Count distinct emails present in a given array

Last Updated : 14 Feb, 2023

Given an array arr[] consisting of N strings where each string represents an email address consisting of English alphabets, ‘.’, ‘+’ and ‘@’, the task is to count the number of distinct emails present in the array according to the following rules:

An email address can be split into two substrings, the prefix and suffix of ‘@’, which are the local name and domain name respectively.
The ‘.’ character in the string in the local name is ignored.
In the local name, every character after ‘+‘ is ignored.

Examples:

Input: arr[] = {“raghav.agg@geeksforgeeks.com”, “raghavagg@geeksforgeeks.com”}
Output: 1
Explanation: Removing all the ‘.’s before ‘@’ modifies the strings to {“raghavagg@geeksforgeeks.com”, “raghavagg@geeksforgeeks.com”}. Therefore, the total number of distinct emails present in the string are 1.

Input: arr[] = {“avruty+dhir+gfg@geeksforgeeks.com”, “avruty+gfg@geeksforgeeks.com”, “av.ruty@geeksforgeeks.com”}
Output: 1

Approach: The given problem can be solved by storing each email in a HashSet after populating it according to the given rule and print the size of the HashSet obtained. Follow the steps below to solve the problem:

Initialize a HashSet, say S, to store all the distinct strings after populating according to the given rules.
Traverse the given array arr[] and perform the following steps:
- Find the position of ‘@’ and store it in a variable, say pos2.
- Delete all the ‘.’ characters before pos2 using erase() function.
- Update the position of ‘@’ i.e., pos2 = find(‘@’) and find the position of ‘+’ and store it in a variable say pos1 as S.find(‘+’).
- Now, erase all the characters after pos1 and before pos2.
- Insert all the updated strings in a HashSet S.
After completing the above steps, print the size of HashSet S as the result.

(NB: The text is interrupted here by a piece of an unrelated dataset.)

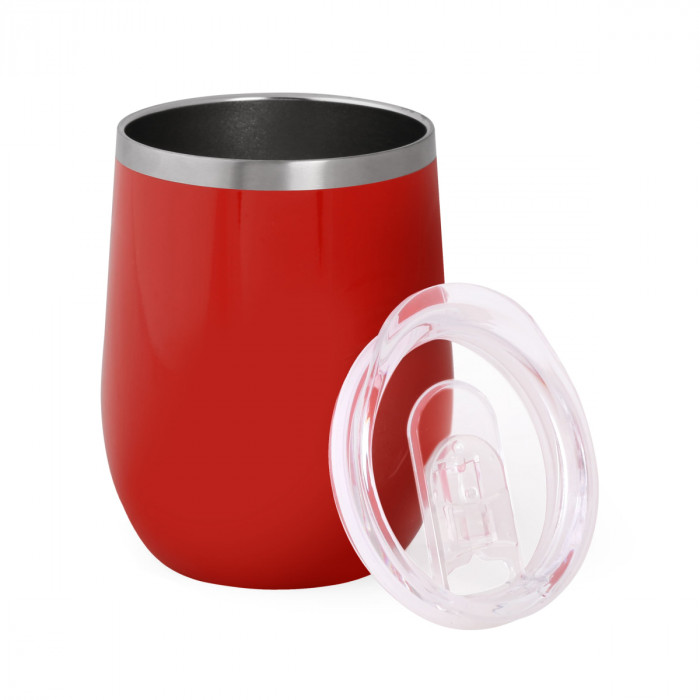 Металева термочашка з подвійними стійками з нержавіючої сталі ( глянцеве покриття емаль) і пластиковою прозорою кришкою з отвором. Кришку можна мити в посудомийній машині. Корпус мити тільки вручну, щоб не пошкодити кольорове покриття. Підтримує температуру протягом 6-ти годин

Below is the implementation of the above approach:

C++14

// C++ program for the above approach 
#include <bits/stdc++.h> 
using namespace std; 
 
// Function to count all the distinct 
// emails after preprocessing according 
// to the given rules 
int distinctEmails(vector<string>& emails) 
{ 
    // Traverse the given array of 
    // strings arr[] 
    for (auto& x : emails) { 
 
        // Stores the position of '@' 
        // in the string 
        auto pos2 = x.find('@'); 
 
        // If pos2 < x.size()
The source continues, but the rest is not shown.